What Orbit indexes
- Tier: Premium, Ultimate
- Offering: GitLab.com
- Status: Beta
The availability of this feature is controlled by a feature flag. For more information, see the history. This feature is available for testing, but not ready for production use.
Scope
Orbit indexes top-level groups only. Enable Orbit on a top-level group and all its subgroups and projects are indexed automatically. You cannot enable Orbit on a subgroup or individual project.
SDLC data
Orbit indexes the following GitLab objects and their relationships:
| Domain | Objects indexed |
|---|---|
| Core | Groups, projects, users, notes (comments) |
| Code review | Merge requests, merge request diffs, changed files |
| CI/CD | Pipelines, stages, jobs |
| Planning | Work items (issues, epics, tasks, incidents), milestones, labels |
| Security | Vulnerabilities, security findings, security scans, scanners, CVE/CWE identifiers |
SDLC data is updated continuously via change data capture. Changes in your GitLab instance appear in Orbit within minutes.
Source code
Orbit indexes source code from your repositories and builds a code graph on top of it.
What gets indexed:
- Files and directories
- Function, class, and module definitions (with start/end line and full source content)

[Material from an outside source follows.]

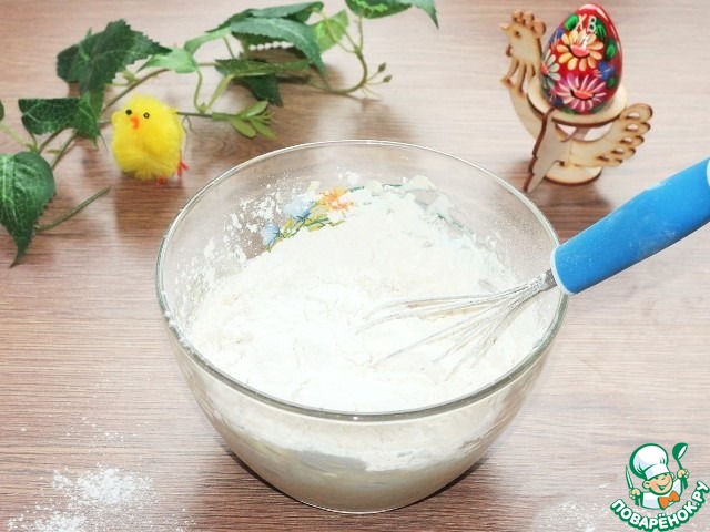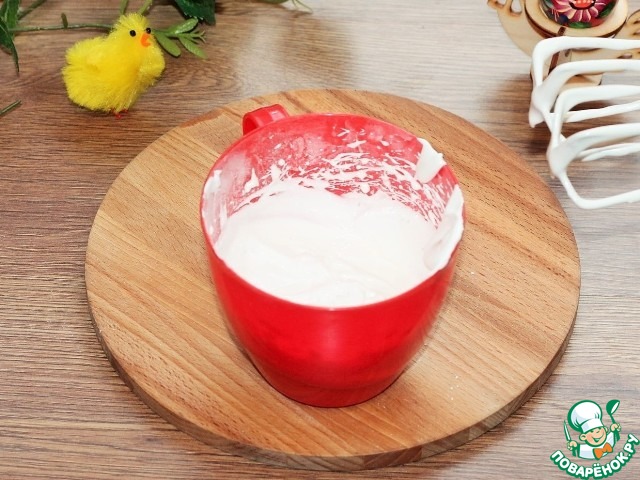 16. Для оформления пасхальной выпечки приготовим глазурь. Взбиваем в стойкую пену охлажденный яичный белок с щепоткой лимонной кислоты и сахарной пудрой. В пудру по желанию можно добавить немного сухого пищевого красителя.
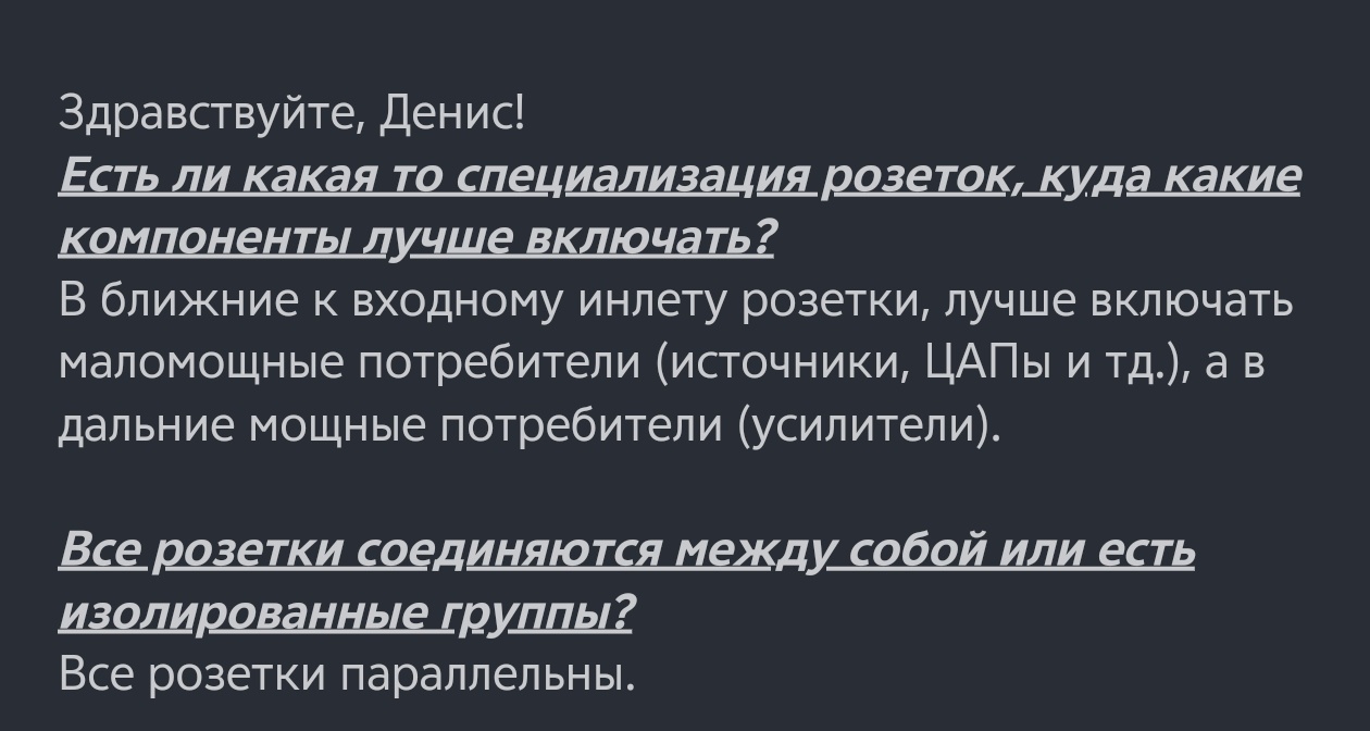 Пока не могу проверить лично. Но вот фото моего izt-600 - две американские розетки SR Purple. Получается нижняя и самая дальняя от инлета лучше по звуку?

- Import and cross-file reference relationships between files
Code is indexed from the default branch only. Orbit re-indexes automatically when the default branch changes.
Supported languages
| Language | Definitions | Cross-file references |
|---|---|---|
| Ruby | Yes | Yes |
| Java | Yes | Yes |
| Kotlin | Yes | Yes |
| Python | Yes | Yes |
| TypeScript | Yes | Yes |
| JavaScript | Yes | Yes |
| Rust | Yes | Yes |
| Go | Yes | Yes |
| C# | Yes | Yes |
| C | Yes | Yes |
| C++ | Yes | Yes |
| PHP | Yes | Yes |
| Bash/Shell | Yes | No |
Languages not currently indexed: Swift, COBOL, Terraform, YAML.
What is not indexed
- Branches other than the default branch
- Binary files
- Files in archived projects (SDLC metadata for archived projects is still indexed)
- Private content the requesting user does not have access to (authorization is enforced at query time)
For the roles required to query, and the Security Manager role needed for security data, see Security.